The problem has been compounded by low commodity prices. Brent crude settled at just under $80 a barrel on Friday, down more than a third from a year ago. Gas prices in the United States, meanwhile, have plunged from more than $6 per million British thermal units a year ago to less than $3.
“You had this double whammy of slower private operator growth coupled with weaker gas markets that ultimately drove down the number of rigs,” said Jim Rollyson, an analyst at Raymond James.
Service groups are betting on rising international and offshore demand to offset the decline in shale slabs. SLB, which does about 20% of its business in North America after offloading the bulk of its hydraulic fracturing business to the United States in 2020, said international momentum was building.
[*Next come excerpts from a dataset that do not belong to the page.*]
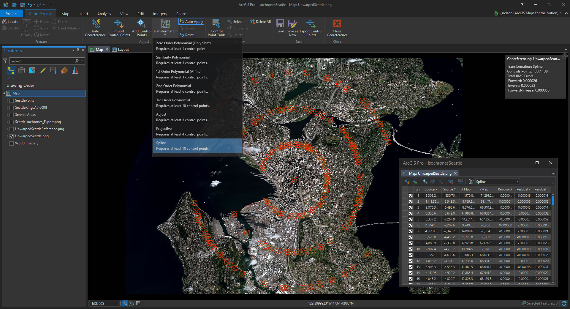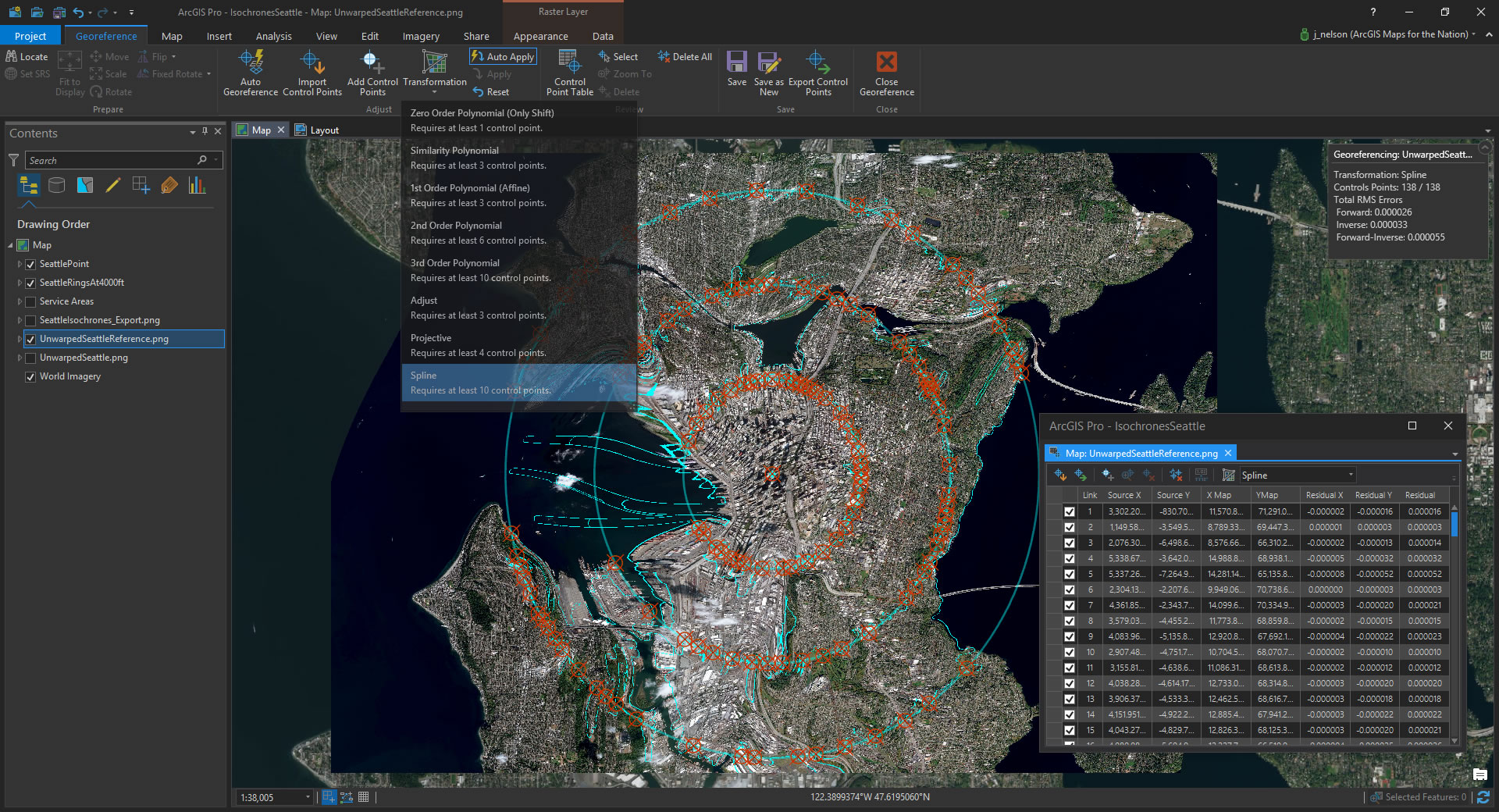 - Save the control point table and apply them to the image of Seattle without baked-in service areas. And save it as a new, time-warped image!
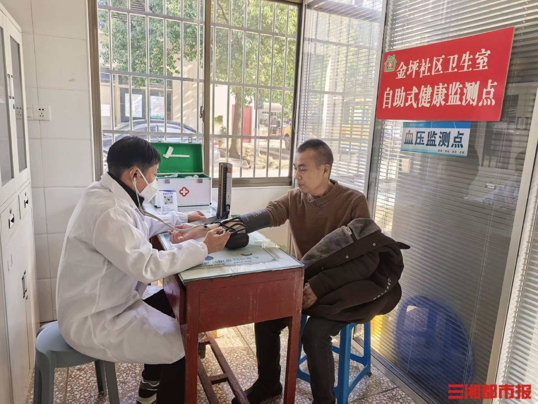 图说:湖南湘江新区金坪社区卫生室,村医在为居民测量血压。高煜棋摄
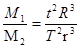 4、计算题 地球绕太阳公转周期和公转轨道半径分别为T和R,月球绕地球公转周期和公转轨道半径分别为t和r,试求太阳质量和地球质量的比值。
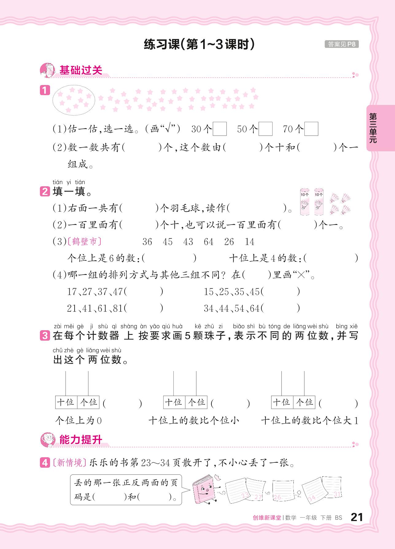 2024春下册一年级数学北师版 第三单元 生活中的数——数花生、数一数、数豆子练习课
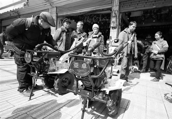 2月24日,在贵州省丹寨县县城,农民在选购微型耕种机。眼下正值春耕备播时节,各地农民挑选合适农资,为春耕生产做准备。黄晓海 摄
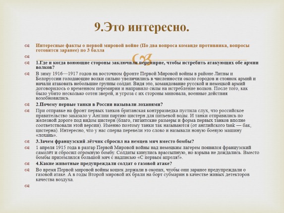 Интересные факты о первой мировой войне (По два вопроса команде противника, вопросы готовятся заранее) по 3 балла
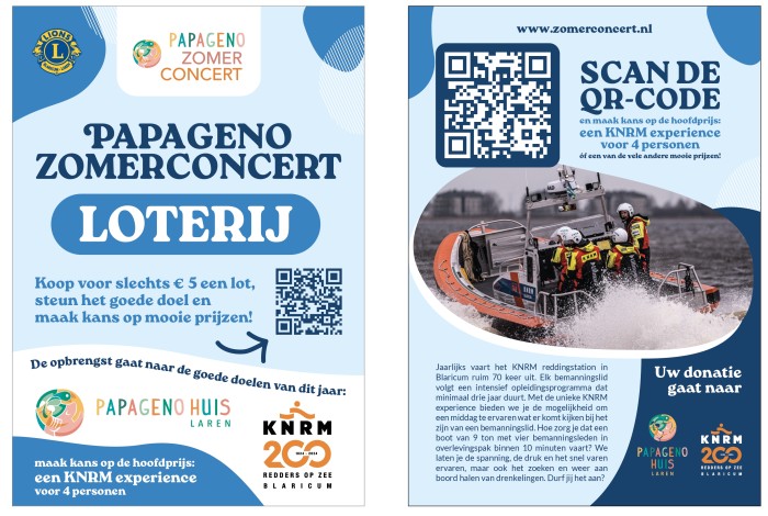 Met jouw bezoek steunt u de volgende doelen: de Stichting Papageno Huis Laren en de Stichting Hulphond Nederland.
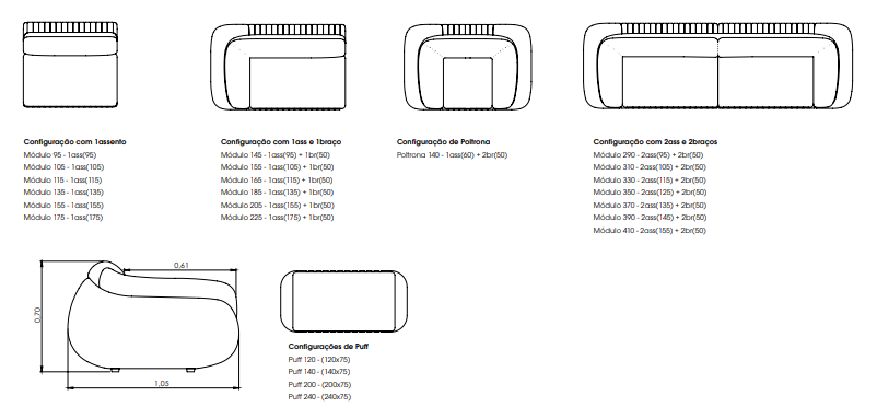 Assento e encosto fixos modular, espuma Ultracel – espuma diferenciada de elevada durabilidade, maciez e coeficiente de deformação próximo a zero.
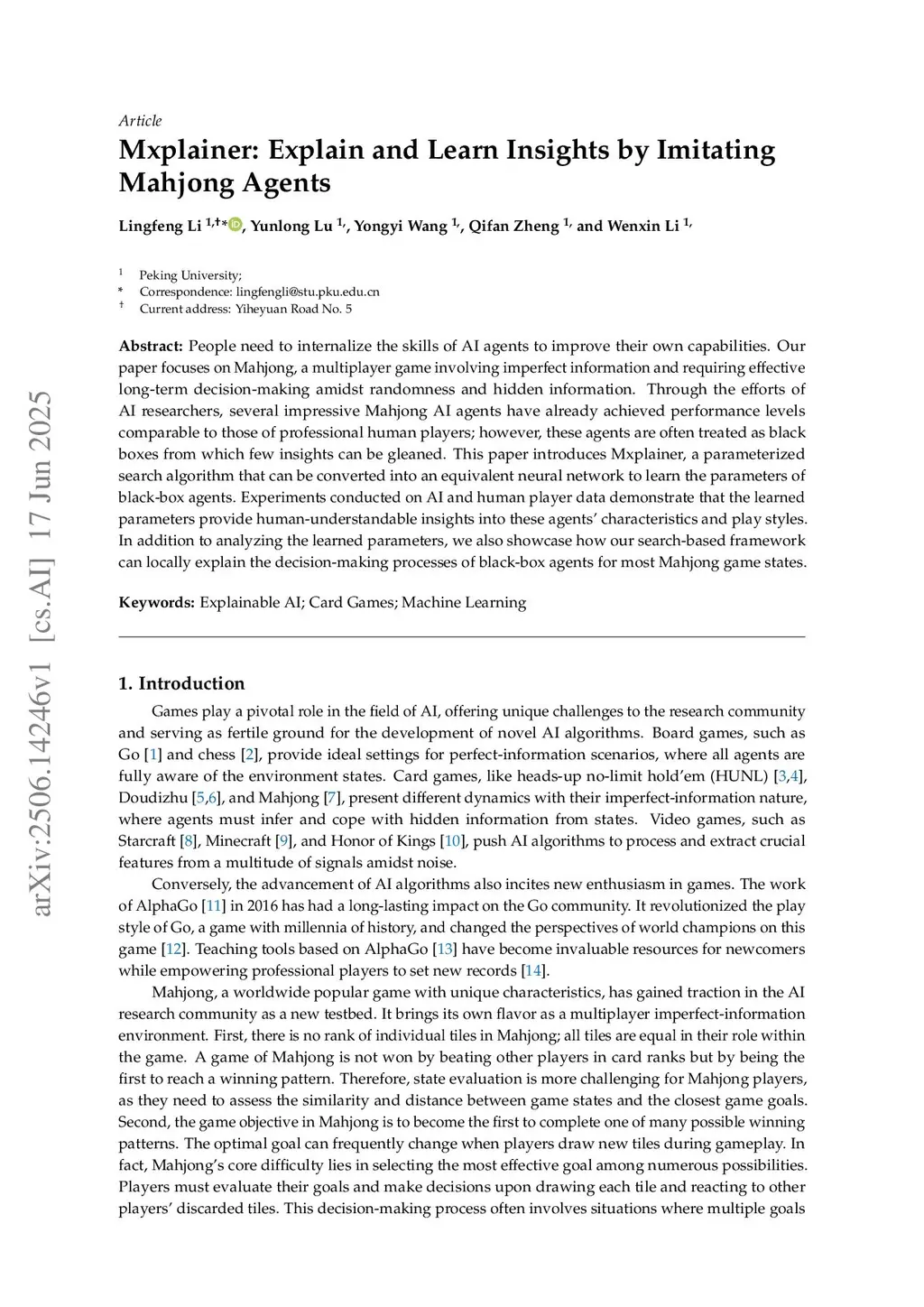 People need to internalize the skills of AI agents to improve their own capabilities. Our paper focuses on Mahjong, a multiplayer game involving imperfect information and requiring effective long-term decision-making amidst randomness and hidden information. Through the efforts of AI researchers, several impressive Mahjong AI agents have already achieved performance levels comparable to those of professional human players; however, these agents are often treated as black boxes from which few insights can be gleaned. This paper introduces Mxplainer, a parameterized search algorithm that can be converted into an equivalent neural network to learn the parameters of black-box agents. Experiments on both human and AI agents demonstrate that Mxplainer achieves a top-three action prediction accuracy of over 92% and 90%, respectively, while providing faithful and interpretable approximations that outperform decision-tree methods (34.8% top-three accuracy). This enables Mxplainer to deliver both strategy-level insights into agent characteristics and actionable, step-by-step explanations for individual decisions.
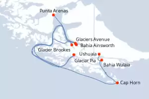 Itinerario : Punta Arenas, Bahia Ainsworth, Glacier Brookes, Bahia Ainsworth, Glacier Brookes, Bahia Ainsworth, Glacier Brookes, Bahia Ainsworth, Glacier Brookes, Bahia Ainsworth, Glacier Brookes, Bahia Ainsworth, Glacier Brookes, Bahia Ainsworth, Glacier Brookes, Bahia Ainsworth, Glacier Brookes, Bahia Ainsworth, Glacier Brookes, Bahia Ainsworth, Glacier Brookes, Glaciar Pia, Glaciers Avenue, Glaciar Pia, Glaciers Avenue, Glaciar Pia, Glaciers Avenue, Glaciar Pia, Glaciers Avenue, Glaciar Pia, Glaciers Avenue, Glaciar Pia, Glaciers Avenue, Glaciar Pia, Glaciers Avenue, Cap Horn, Bahia Wulaia, Cap Horn, Bahia Wulaia, Cap Horn, Bahia Wulaia, Ushuaia
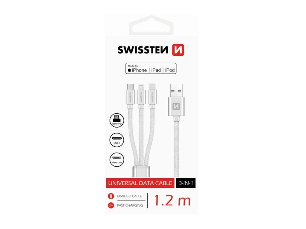 SWISSTEN kabel USB 3v1 microUSB USB-C Lightning MFI 1,2m stříbrná

“SLB’s global reach insulates us from regional fluctuations, as we’ve recently seen in North America,” Olivier Le Peuch, chief executive of the company formerly known as Schlumberger, told analysts this week. “We believe that the lack of exposure to large-scale pressure pumping . . . allowed us to continue to grow or cushion another drop in activity.
Halliburton boss Jeff Miller said he expected demand to continue to weaken in the second half, but an anticipated rise in gasoline prices should improve things in 2024.
As U.S. oil production continues to rise, growth is expected to be just 200,000 barrels per day over the next 12 months, well below the 2 million bpd expansion achieved between 2018 and 2019.
With producers promising to stick to their new discipline even if prices rise, the country is hardly expected to return to being the growth juggernaut it became at the height of the shale revolution.
“If you still think global demand for oil is higher in the next few years and the United States isn’t seeing the growth it had before. . . everywhere else has to fill that void,” Rollyson said at Raymond James.